GAPDH-183/2257_f: ttccagtatgactccactcacgg
GAPDH-564/2736_r: gcccttccacaatgccaaag

b-actin-699/2299_f: aaatcgtgcgtgacatcaaa
b-actin-1145/2965_r: acatctgctggaaggtggac

b-actin-1940_f: ttgcactccttgcatgtctc
b-actin-2745_r : gtgctaggagccagagcagt

b-actin-885/2580_f: tggaatcctgtggcatccatgaaac
b-actin-1233/3053_r: taaaacgcagctcagtaacagtccg


Thanks again

Are you having trouble with all of these primers? I gather the numbers refer to positions on the genes. If so, then you appear to be trying to amplify 400 and 800 bp fragments, roughly. The 400 bp ones should be ok with your extension time, but the 800 bp fragments could probably use a 1 minute extension time rather than the 30 seconds you are allowing. If you are on the edge with respect to this, it could easily explain the inconsistencies you are seeing. Are you having troubles with all of the primer pairs? Do some reactions work during a run and others not, or do all fail and work together?

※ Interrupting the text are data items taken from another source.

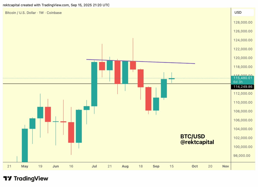 นอกเหนือจากนี้ Rekt Capital ยังกล่าวว่า บิทคอยน์อาจมีการย่อตัวลงมายังแนวรับสำคัญที่ $114,000 เมื่อมองจากกราฟรายสัปดาห์ ก่อนที่จะเด้งกลับไประดับที่สูงกว่า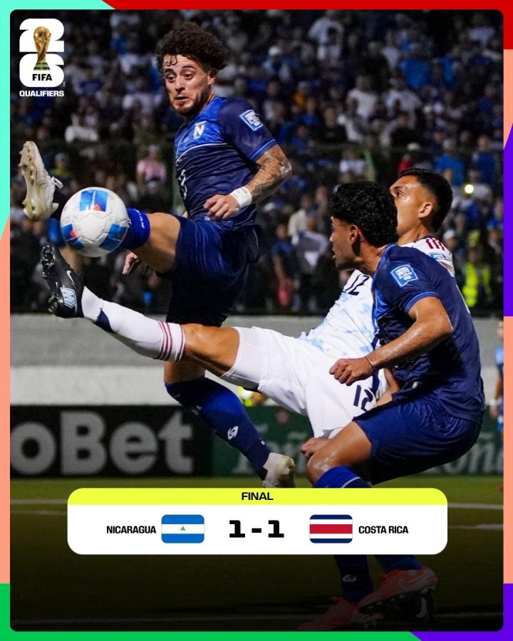 攻破纳瓦斯大门!尼加拉瓜FIFA第130,10东说念主作战1-1逼平哥斯达黎加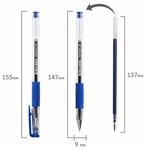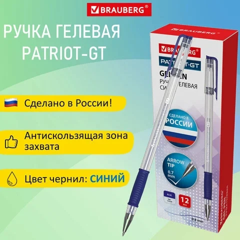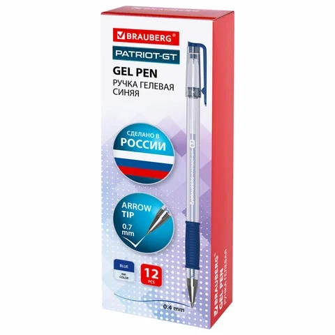 Гелевая ручка Brauberg Patriot-Gt синяя, 0.4мм, прозрачный корпус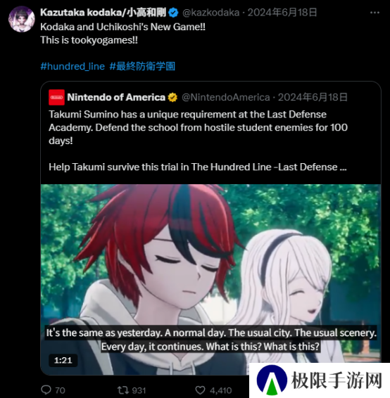 上个月一款叫《百日战纪 -最终防卫学园-》(简称《百日战纪》)的游戏在PC和NS平台正式发售。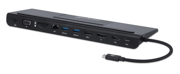 Multifunktionale Dockingstation zum Anschluss eines USB-C-Geräts an HDMI-, DisplayPort und VGA-Displays gleichzeitig, zwei USB 3.2 Gen 1 Typ-A-Ports, ein USB 2.0 Typ-A-Port, ein 10/100/1000 Mbit/s RJ45-Port, eine 3,5 mm-Klinkenbuchse, ein USB-C-Stromport und ein SD-Kartenleser Zweifache Videoausgabe mit Auflösungen bis zu 1080p@60Hz oder dreifache Videoausgabe mit Auflösungen bis zu 720p@60Hz Bis zu 4K@30Hz-Auflösung (UHD) über HDMI-Anschluss Bis zu 4K@30Hz-Auflösung (UHD) über DisplayPort-Anschluss Bis zu 1080p@60Hz-Auflösung (Full HD) über VGA-Anschluss Anzeigemodi Gespiegelt und Erweitert mit Multi-Steam Transport (MST) Ermöglicht die Verwendung Ihres Smartphones als Desktop-PC* und lädt gleichzeitig dessen Akku Ein Gigabit Ethernet-Port (10/100/1000 Mbit/s) für Downloads, Streaming und Gaming in Highspeed Zwei USB 3.2 Gen 1 und ein USB 2.0 Typ A-Ports zum Anschluss von Maus, Tastatur, USB-Stick und mehr oder zum Laden und Synchronisieren von mobilen Geräten USB-A SuperSpeed-Ports bieten Übertragungsraten bis zu 5 Gbit/s und unterstützen BC1.2 zur Geräteladung mit 7,5 W (5 V / 1,5 A) MicroSD- und SD-Kartenslot mit Lese-/Schreibfunktion; unterstützt automatische Kartenerkennung und Übertragungsraten bis zu 832 Mbit/s USB-C Power Delivery (PD) Port (benötigt ein PD-Netzteil mit mindestens 15 W Ausgangsleistung) liefert bis zu 100 W (20 V bei 5 A) an verbundene Geräte Unterstützt USB Power Delivery-Funktion (PD) mit bis zu 100 W; benötigt externes PD-Ladegerät - erhältlich von Manhattan 3,5 mm-Klinkenbuchse für hochwertigen Stereosound; unterstützt sowohl Mikrofon (Audioeingang) als auch Kopfhörer (Audioausgang) Robustes Aluminiumgehäuse ideal für den Schreibtisch und für unterwegs Ausklappbarer Ständer zur Platzierung Ihres Smartphones auf der Dockingstation Kompatibel mit allen USB-C DP-Alt-Mode-unterstützten PCs, Notebooks und Tablets, einschließlich Apple MacBook®, Chromebook™, Pixel™ und mehr Kompatibel mit DisplayPort 1.2 Alternate Mode (DP Alt Mode) Vollständig geschirmt zur Reduzierung elektromagnetischer Interferenzen und anderer Störquellen Robustes Kabel mit vergossener PVC-Tülle und schützender Nylonummantelung Plug & Play *Desktop-Anzeige erfordert Geräte mit Android 9 oder höher mit Videoausgabe über USB-C 3 Jahre Garantie

I have had very good luck using premixed PCR reaction mixes, which eliminates a lot of the potential problems. I use the Invitrogen PCR Supermix High Fidelity, a mix of Pfu and Taq which seems to just work most times. I don't fiddle with Mg++ concentrations. I almost always use 55C annealing. I sometimes need to do low temperature extensions, but you probably don't have to worry about that in mouse. My favorite high GC addition is 3-7% betaine rather than DMSO or glycerol.